Task brief: Set down the records exactly as they stand, except for any pictures, which you should omit.
[Data extract — start]
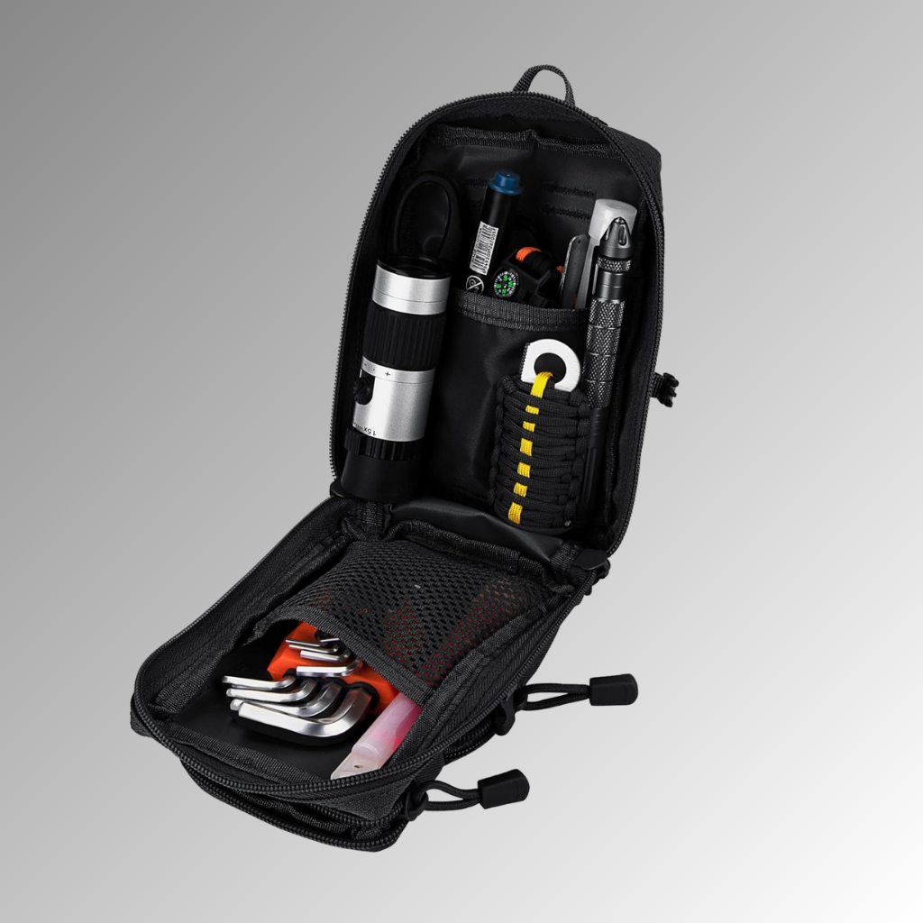 Purpose-built for those who demand quick access and reliable organization. This tactical pouch secures your phone, flashlight, multitool, and essentials in a compact, battle-tested design. Attach to any belt, vest, or backpack and keep your hands free for what matters most.
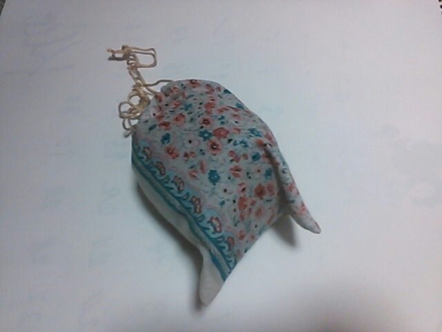 なんのこっちゃない、単なる袋です。残り布に、断捨離しないで後生大事に持っていた紐がここで役立ちました。何年寝かせてたんだろう(^^ゞ。でも、駅そばスーパーが閉店し、この1年とみに買い物の便が悪くなった我が家では、こういう「捨てないで取っておく」が役立つことがたまにはあるので、ますます捨てられません。
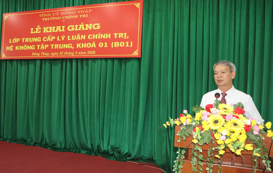 Sáng ngày 23/3/2026, Trường Chính trị tỉnh Đồng Tháp tổ chức Lễ khai giảng lớp Trung cấp lý luận chính trị, hệ không tập trung, khóa 01 (B01), theo Kế hoạch số 56-KH/TCT ngày 20/01/2026 về đào tạo, bồi dưỡng cán bộ, công chức, viên chức năm 2026.
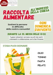 Vieni a Messa con olio, tonno, pasta, pelati!
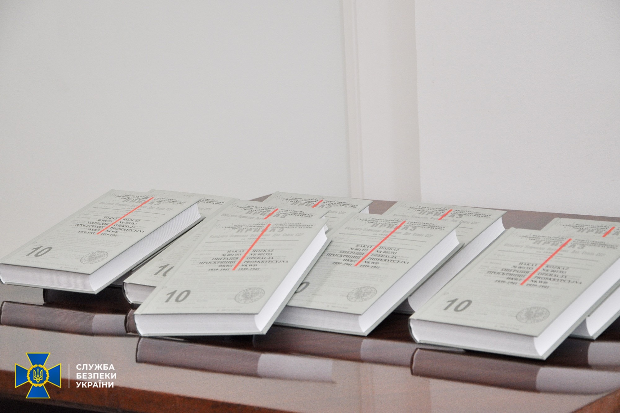 «Это уже 10-й, юбилейный, том серии. Он называется «Приказ № 001353. Операция проскрипции НКВД 1939-1941». Выпуск вышел в 2020 году и уже успел привлечь немалое внимание мирового сообщества», - заявил директор Отраслевого государственного архива СБУ Андрей Когут.
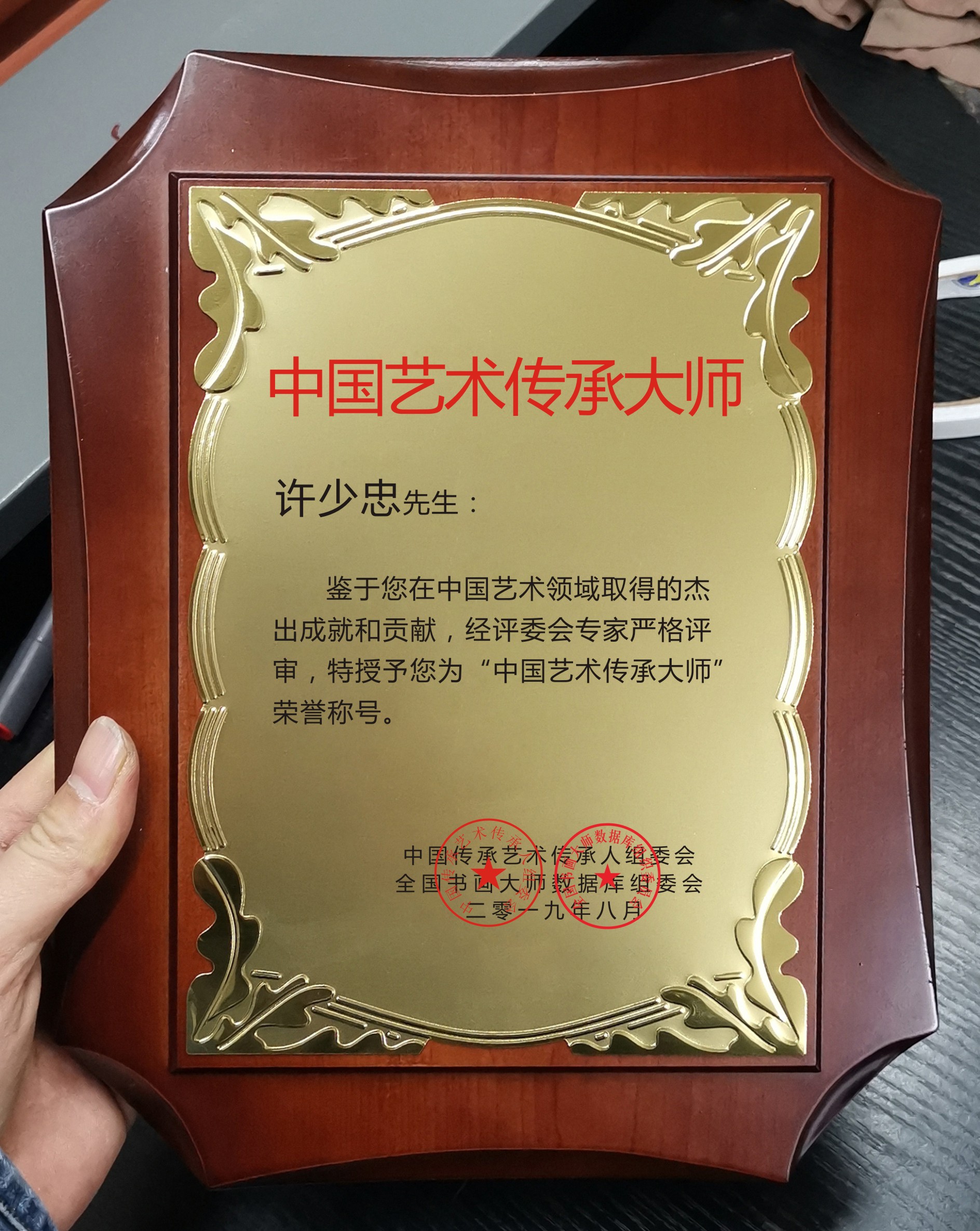 2019年8月,经中国传承艺术传承人组委会评定为中国艺术传承大师。
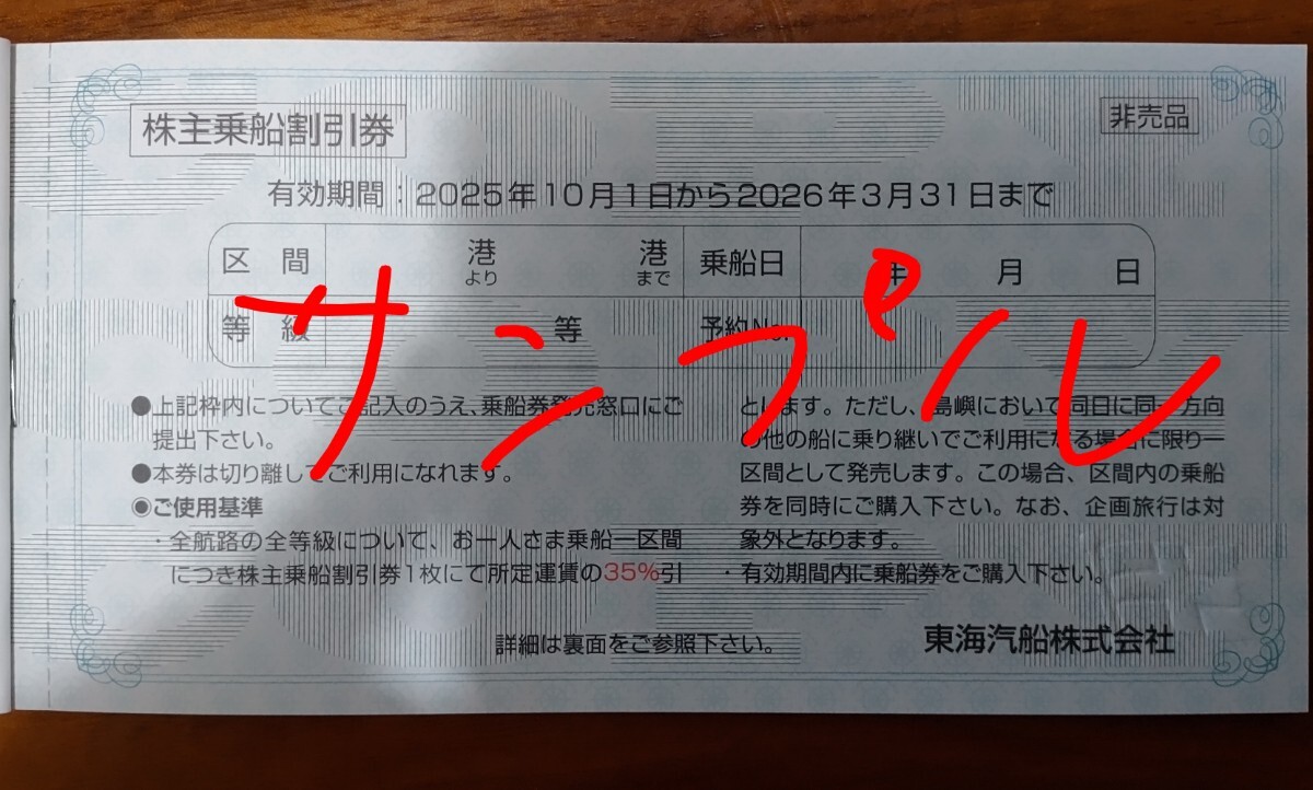 東海汽船の株主乗船割引券1冊と株主サービス券です。いずれも有効期限は2026年3月31日です。
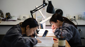 “制墨最后一道工序是描金,就像給老物件換新衣。”申易鑫說著,將壓制成形的一個個長形墨條交給身邊的孩子,指導他們將金粉填入墨條上的牡丹紋樣里,一塊塊“鳳穿牡丹”的描金墨就大功告成了。
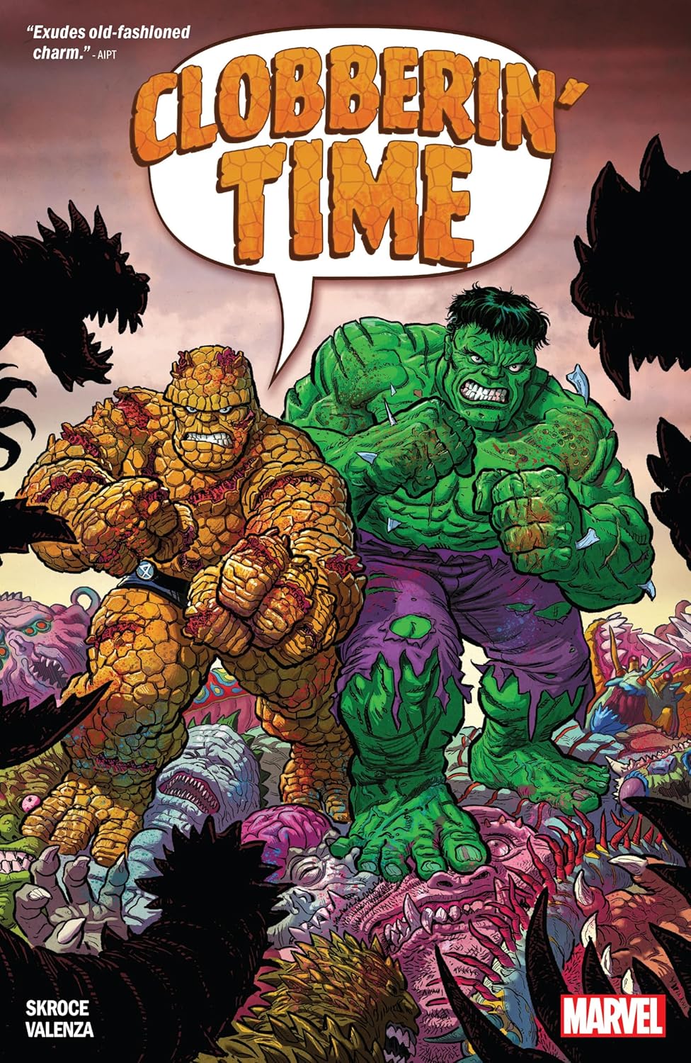 Brace yourself for the most clobber-filled title on the shelves! The talented Steve Skroce teams Ben Grimm with heroes from across the Marvel Universe! It's the Thing's greatest adventure yet, with or without the Fantastic Four. And it begins with Ben and his incredible sparring partner, the Hulk, stranded on a distant alien world where the duo must protect an ancient people against legions of Deviant hordes - and ultimately face the wrath of a Celestial! Then, Ben teams up with Wolverine on Krakoa, and Doctor Strange crashes a Grimm family reunion. But when the Thing is banished to the bottomless pit of interstitial space between realities, the most unlikely ally of all awaits. Can Ben fight all his instincts and declare "Clobberin' Time" alongside none other than Doctor Doom?!
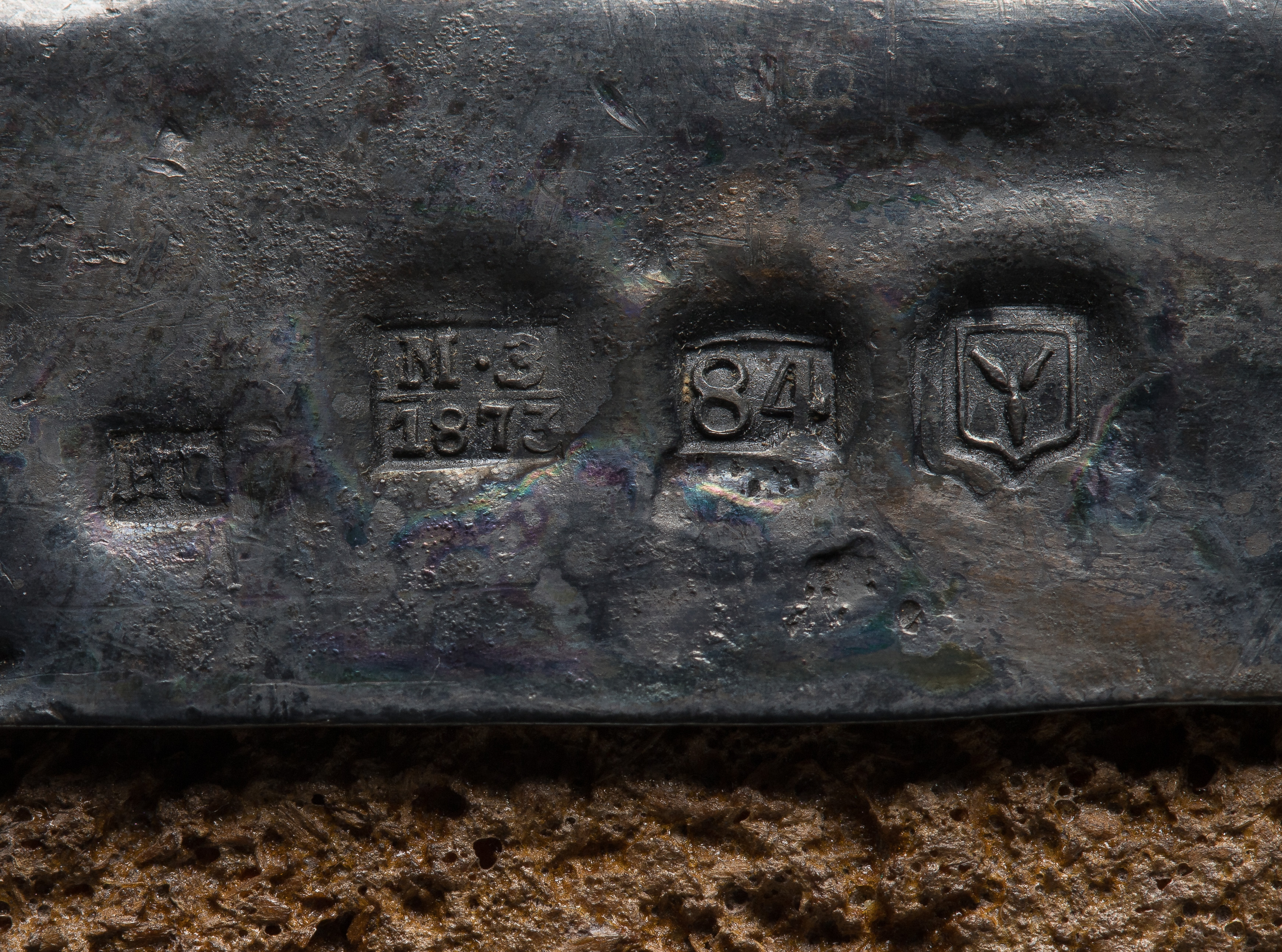 A hand painted wood panel icon of Christ Pantocrator behind a hallmarked, engraved silver oklad having attached pierced repousse halo and unidentified maker mark ‘HD’, dated ‘1875’ assay mark, ’84’ and unidentified town mark, retaining a Barbara and Richard Kaszuba Antiques, London label verso
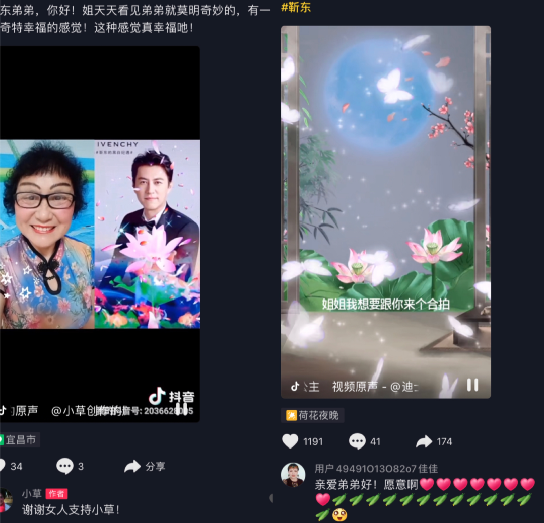 类似的视频极其容易复制,PS痕迹十分明显,里面的“靳东”,说话表情一样,衣服也是固定的一套,凭借蹩脚的花言巧语俘获了不少中老年阿姨的心,也都无一例外地获得了上千个点赞。“对不起都是我不好,原谅我好不?”“亲爱的东弟你好,谢谢你关爱我”,“东弟姐姐想你”,姐姐们真情实意地在评论区表白,从口吻判断多是中老年妇女。
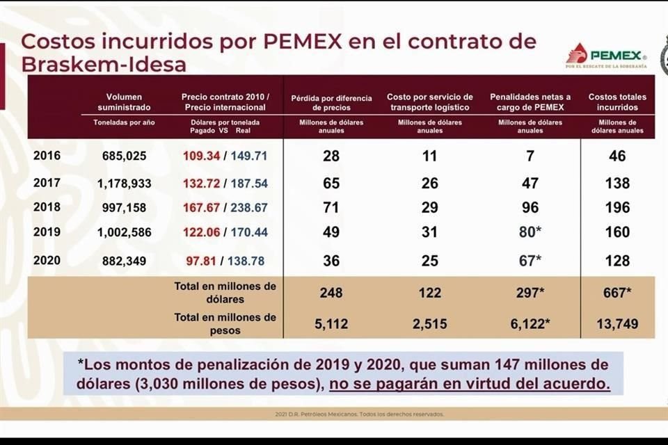 El Presidente Andrés Manuel López Obrador y el director de Pemex, Octavio Romero, anunciaron un acuerdo con Odebrecht que contempla reducir a menos de la mitad el suministro de gas etano a la planta de Braskem-Idesa en Veracruz, el cual presumieron generará un ahorro de 13 mil 749 millones de pesos.
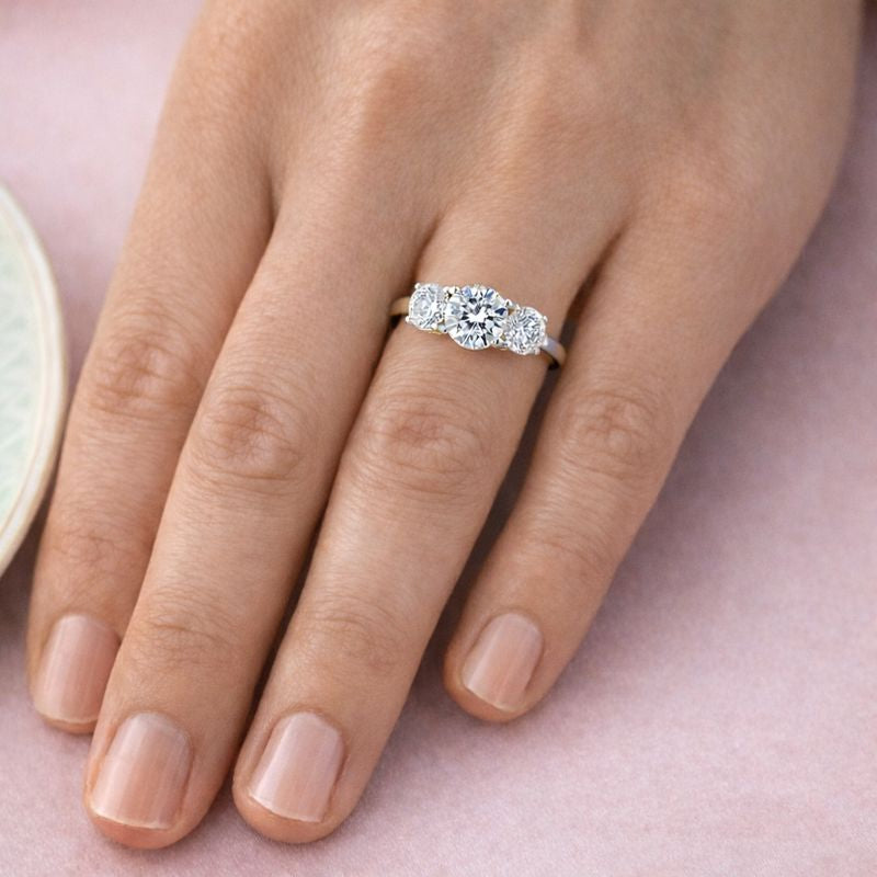 Tru-Diamonds™ Round Cut Synthetic Lab Grown Diamond Trilogy Ring
[Data extract — finish]
Answer area:
 Purpose-built for those who demand quick access and reliable organization. This tactical pouch secures your phone, flashlight, multitool, and essentials in a compact, battle-tested design. Attach to any belt, vest, or backpack and keep your hands free for what matters most.
 なんのこっちゃない、単なる袋です。残り布に、断捨離しないで後生大事に持っていた紐がここで役立ちました。何年寝かせてたんだろう(^^ゞ。でも、駅そばスーパーが閉店し、この1年とみに買い物の便が悪くなった我が家では、こういう「捨てないで取っておく」が役立つことがたまにはあるので、ますます捨てられません。
 Sáng ngày 23/3/2026, Trường Chính trị tỉnh Đồng Tháp tổ chức Lễ khai giảng lớp Trung cấp lý luận chính trị, hệ không tập trung, khóa 01 (B01), theo Kế hoạch số 56-KH/TCT ngày 20/01/2026 về đào tạo, bồi dưỡng cán bộ, công chức, viên chức năm 2026.
 Vieni a Messa con olio, tonno, pasta, pelati!
 «Это уже 10-й, юбилейный, том серии. Он называется «Приказ № 001353. Операция проскрипции НКВД 1939-1941». Выпуск вышел в 2020 году и уже успел привлечь немалое внимание мирового сообщества», - заявил директор Отраслевого государственного архива СБУ Андрей Когут.
 2019年8月,经中国传承艺术传承人组委会评定为中国艺术传承大师。
 東海汽船の株主乗船割引券1冊と株主サービス券です。いずれも有効期限は2026年3月31日です。
 “制墨最后一道工序是描金,就像給老物件換新衣。”申易鑫說著,將壓制成形的一個個長形墨條交給身邊的孩子,指導他們將金粉填入墨條上的牡丹紋樣里,一塊塊“鳳穿牡丹”的描金墨就大功告成了。
 Brace yourself for the most clobber-filled title on the shelves! The talented Steve Skroce teams Ben Grimm with heroes from across the Marvel Universe! It's the Thing's greatest adventure yet, with or without the Fantastic Four. And it begins with Ben and his incredible sparring partner, the Hulk, stranded on a distant alien world where the duo must protect an ancient people against legions of Deviant hordes - and ultimately face the wrath of a Celestial! Then, Ben teams up with Wolverine on Krakoa, and Doctor Strange crashes a Grimm family reunion. But when the Thing is banished to the bottomless pit of interstitial space between realities, the most unlikely ally of all awaits. Can Ben fight all his instincts and declare "Clobberin' Time" alongside none other than Doctor Doom?!
 A hand painted wood panel icon of Christ Pantocrator behind a hallmarked, engraved silver oklad having attached pierced repousse halo and unidentified maker mark ‘HD’, dated ‘1875’ assay mark, ’84’ and unidentified town mark, retaining a Barbara and Richard Kaszuba Antiques, London label verso
 类似的视频极其容易复制,PS痕迹十分明显,里面的“靳东”,说话表情一样,衣服也是固定的一套,凭借蹩脚的花言巧语俘获了不少中老年阿姨的心,也都无一例外地获得了上千个点赞。“对不起都是我不好,原谅我好不?”“亲爱的东弟你好,谢谢你关爱我”,“东弟姐姐想你”,姐姐们真情实意地在评论区表白,从口吻判断多是中老年妇女。
 El Presidente Andrés Manuel López Obrador y el director de Pemex, Octavio Romero, anunciaron un acuerdo con Odebrecht que contempla reducir a menos de la mitad el suministro de gas etano a la planta de Braskem-Idesa en Veracruz, el cual presumieron generará un ahorro de 13 mil 749 millones de pesos.
 Tru-Diamonds™ Round Cut Synthetic Lab Grown Diamond Trilogy Ring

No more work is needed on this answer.